Elisa Zonaro’nun fotoğraf sergisini dolaşırken, kendi kendime hayıflandım. “Neden bizim de köydeki hayatımızdan, örneğin babaannemden bir fotoğraf yok” diye söylendim.
Fausto Zanaro’yu biliyoruz. “Elisa Zonaro nereden çıktı?” diyenlere önerimiz, Zeytinburnu Belediyesi Kazıçeşme Sanat'taki sergiyi gezmeleri. 130 yıl önce İstanbul’un fotoğraflarını çekmiş profesyonel bir kadın fotoğraf sanatçısı ve Fausto Zonaro’nun 1863 doğumlu eşi. Elisa, Ressam Fausto’nun tanınmasında ve eserlerini üretmesinde önemli bir rol oynamış. Daha da ötesi Elisa, eşi Fausto’nun İstanbul’a taşınmasına öncülük etmiş. 1890 yılında geldiği İstanbul’da iki ay içinde uygun bir ev bularak ailenin bu büyülü kente yerleşmesini sağlamış. Fotoğraflarını eşi Fausto’nun resim yapabilmesi için çekiyordu. İstanbul’un gündelik hayatını, cazibesini, zenginliğini ve yoksulluğunu, savaştan savaşa koşan bir ordunun İstanbul’daki ruh halini yansıtan fotoğraflar onun kamerasında ölümsüzleşmişti.
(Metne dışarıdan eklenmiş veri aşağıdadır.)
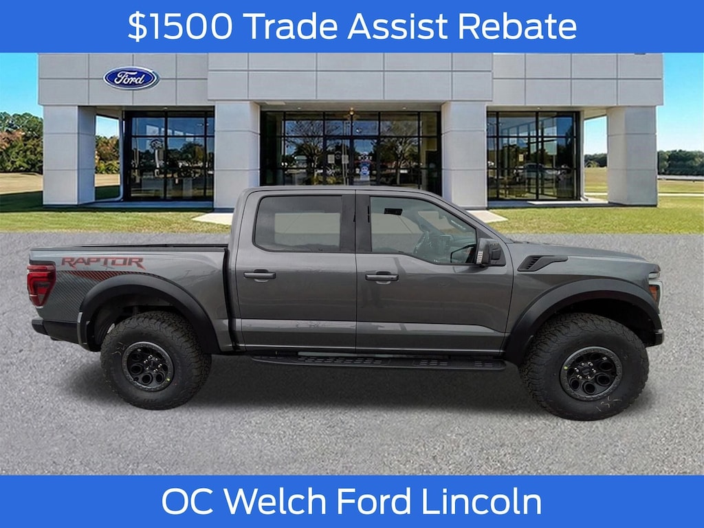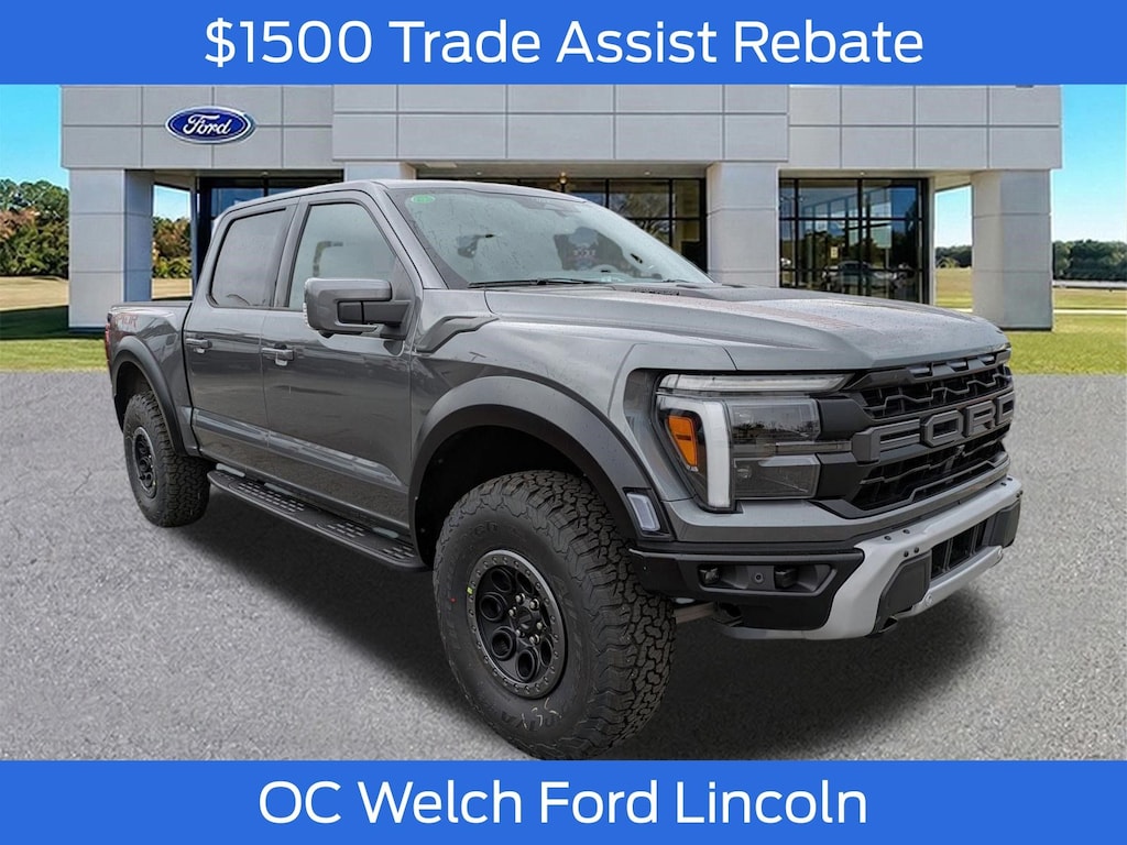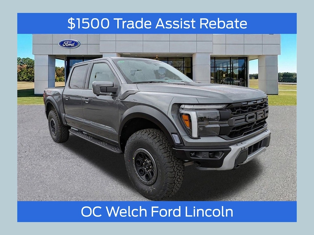 ****SHIPPING AVAILABLE NATIONWIDE! COMPLETE THE ENTIRE TRANSACTION WITHOUT COMING TO THE SHOWROOM!**** O C Welch Ford is pleased to offer this great-looking 2025 Ford F-150 Gray Metallic Raptor with the following features: Equipment Group 802A Raptor 37 (Carbon Fiber Interior Appliques, Dual Valve Shocks, Modular Front Bumper, RECARO Alcantara Suede Front Seats, and Wheels: Raptor 37 Unique 17" Cast Aluminum), 14 Speakers, 17" Cast Aluminum Wheels, 4-Wheel Disc Brakes, ABS brakes, Adjustable pedals, Air Conditioning, Alloy wheels, AM/FM radio: SiriusXM with 360L, Auto High-beam Headlights, Auto tilt-away steering wheel, Auto-dimming door mirrors, Auto-dimming Rear-View mirror, Automatic temperature control, Brake assist, Bumpers: body-color, Compass, Cruise Control, Delay-off headlights, Driver door bin, Driver vanity mirror, Dual front impact airbags, Dual front side impact airbags, Electronic Locking w/4.10 Axle Ratio, Electronic Stability Control, Emergency communication system: SYNC 4 911 Assist, Front anti-roll bar, Front Bucket Seats, Front Center Armrest, Front dual zone A/C, Front fog lights, Front reading lights, Front wheel independent suspension, Fully automatic headlights, Garage door transmitter, Heads-Up Display, Heated front seats, Heated door mirrors, Heated rear seats, Heated steering wheel, Illuminated entry, Internet access capable: FordPass Connect 5G, Lane Departure Warning System, Leather steering wheel, Leather Trimmed Seats, Low tire pressure warning, Memory seat, Navigation system: Connected Navigation, Occupant sensing airbag, Outside temperature display, Overhead airbag, Overhead console, Panic alarm, Passenger door bin, Passenger vanity mirror, Pedal memory, Power door mirrors, Power driver seat, Power passenger seat, Power steering, Power windows, Radio data system, Radio: B&O Unleashed Sound System by Bang & Olufsen, Rain sensing wipers, Rear reading lights, Rear step bumper, Rear window defroster, Remote keyless entry, Security system, Speed-sensing steering, Split folding rear seat, Steering wheel memory, Steering wheel mounted audio controls, SYNC 4 w/Enhanced Voice Recognition, Tachometer, Telescoping steering wheel, Tilt steering wheel, Tough Bed Spray-In Bedliner, Traction control, Trip computer, Turn signal indicator mirrors, Twin Panel Moonroof, Variably intermittent wipers, and Ventilated front seats. Factory MSRP: $95,190 $5,243 off MSRP!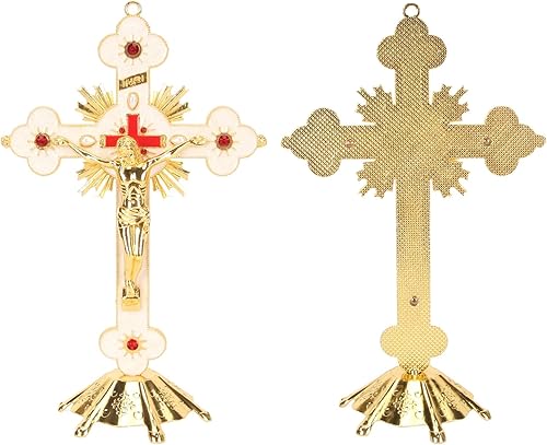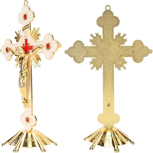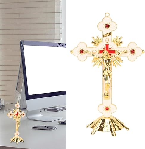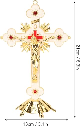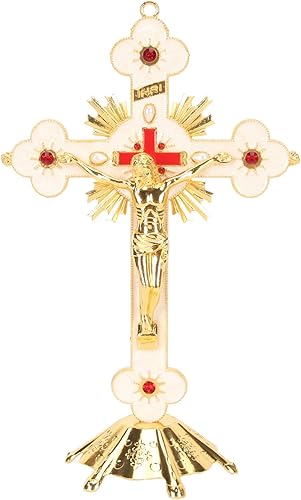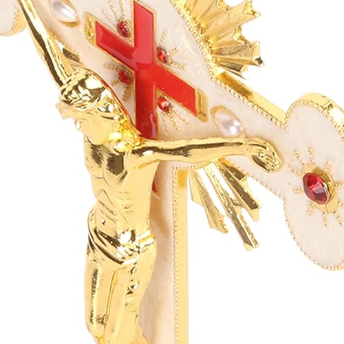 Fockety Crucifix Debout, Exquise Rétro Élégante Croix Debout en Métal, Croix De Crucifix De Décoration De Rouge avec Base, Croix De Jésus Catholique Stable Durable De Longue

Zonaro’nun tabloları sarayın ilgisini çekti. Zonaro, II. Abdülhamit tarafından Saray ressamlığına getirildi, maaşa bağlandı, kendisine Akaretler’deki 50 kapı numaralı bir ev ve bir atölye verildi. Bu arada Elisa da çektiği fotoğraflarla ünlendi. 1893 yılında Paris’e giderek, fotoğrafçılık dersi alıp profesyonel fotoğrafçılığa başladı. Resimlerini çektirmek isteyen zenginlerin kapısında sıraya girdiği bir sanatçıya dönüştü.
Önceki gün Elisa’nın fotoğraflardan bir bölümünün sergilendiği Zeytinburnu’ndaydık. Galerinin tarihi dokusuyla uyum içindeki fotoğraflar ziyaretçilere İstanbul’un tarihini yaşatıyor.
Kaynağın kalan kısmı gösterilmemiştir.